According to the survey, this decline was especially marked in countries like Argentina, Brazil, Colombia and Panama. In Brazil, just 30 percent of those questioned expressed unqualified support for democracy, compared to 50 percent in 1996.

Latinobarometro researcher Angelica Speich says the region's continuing economic problems are to blame.

"We attribute this decline to the economic crises affecting the region, and to the high expectations of the population, who believed that democracy would not only bring freedom and equality but also economic development," she says.

At the same time, there appears to be little support for returning to authoritarianism. The Latinobarometro survey shows relatively few Latin Americans would support one-party, authoritarian governments.
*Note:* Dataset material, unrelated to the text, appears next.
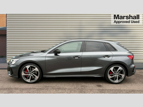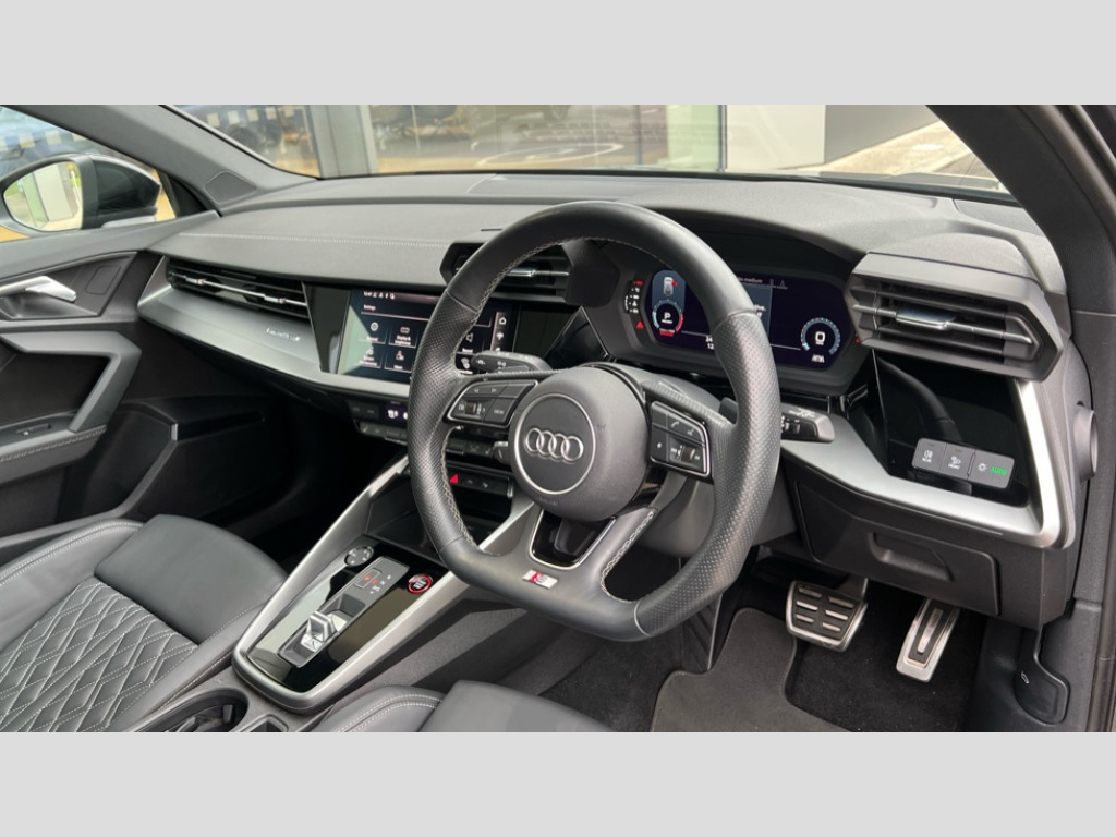 Audi A3 S3 TFSI Quattro 5dr S Tronic Audi connect emergency call and service, Audi drive select (Auto, Comfort, Dynamic, Efficiency and Individual), Audi smartphone interface, Audi Virtual Cockpit - 10.25" digital and colour instrument cluster, Automatic start/stop system with recuperation, Bluetooth interface, Collision avoidance assistant, Lane departure warning system, MMI Navigation Plus with high resolution 10.1" colour touch screen display, Progressive steering, Service indicator, Trip computer, Voice control system with natural language interaction, Quattro permanent all wheel drive, S sports suspension, 2xUSB-C connection with data and charging functions, 6 passive loudspeakers, DAB Digital radio, Acoustic glass windscreen, Aluminium window trim, Audi Beam uses LEDs to project the Audi S3 logo, Auto dimming frameless rear view mirror, Dual branch oval twin tailpipes in chrome plated finish, Exterior mirror with aluminium look housing, Front electric windows, Illuminated aluminium inserts front door sills with S logo, LED daytime running lights, Light and rain sensors, Privacy glass - dark tinted rear window, rear door and side windows, Rear electric windows, Rear side air outlets in grained matt black, Rear wiper, 12V socket and storage compartment in front centre console, 3 spoke flat bottomed multifunction plus sports contour leather wrapped steering wheel with shift paddles, 40/20/40 split folding rear seat bench with cupholder, Black cloth headlining, Dual zone electronic climate control, Front and rear centre armrest in leather, Front and rear headrests, Front/rear floor mats, Heated front seats, Height and reach adjustable steering wheel, Interior lighting - glove compartment light and right hand side, Luggage compartment floor covering, Seat side bolsters, Stainless steel pedals and front footrest, Aluminium interior elements pack - A3 Sportback, Design body styling - A3 Sportback, Storage pack - A3 Sportback, 3x3 point rear seat belts, Driver and front passenger airbag with passenger airbag deactivation, Electronic Stabilisation Control (ESC) including ABS, ASR and EDL, First aid kit with warning triangle and 2 safety vests, Front side airbags with head airbags and interaction airbag, Hill hold assist, Pre-sense front with pedestrian and cyclist detection, Seatbelt monitoring, Tyre pressure loss indicator, Anti theft alarm, Anti-theft wheel bolts, Electronically operated child lock, Immobiliser, Remote control central locking, Accent surfaces in the dashboard and centre console in platinum grey silk effect paint finish, Dark spectrum aluminium inlays

Yet the growing disenchantment with democracy and capitalism is having political repercussions. Anti-globalization protests are on the rise in countries like Brazil, where 40,000 anti-free market demonstrators marched in the Brazilian capital in June and where the head of the leftist Workers party, Luiz Inacio "Lula" da Silva now leads in the opinion polls for next year's presidential race. In Venezuela, President Hugo Chavez retains widespread support in part because of his constant denunciations of the failures of democracy and the free-market system.

Ambler Moss of the North-South Center in Miami believes populism and anti-globalization movements will continue to grow in the region, as long as governments fail to do more to alleviate poverty.

"I think this is going to happen unless there's some real deliverables, to bridge the poverty gap," he says. "I think the Hugo Chavez phenomenon that we see emanates from the fact that as most Venezuela would readily admit, 80 percent of the country was left in poverty even while the elites prospered and the country grew and oil prices rose. If that problem isn't addressed, we're going to see more populist rejection of globalization and of economic integration simply because it hasn't answered the needs of a growing mass of poor people who don't see any hope in it."

With an estimated one-third of Latin Americans still living in poverty, this will be an enormous challenge for the region's democracies. But it is a challenge they will have to meet if the democratic system of government is to survive and prosper in Latin America.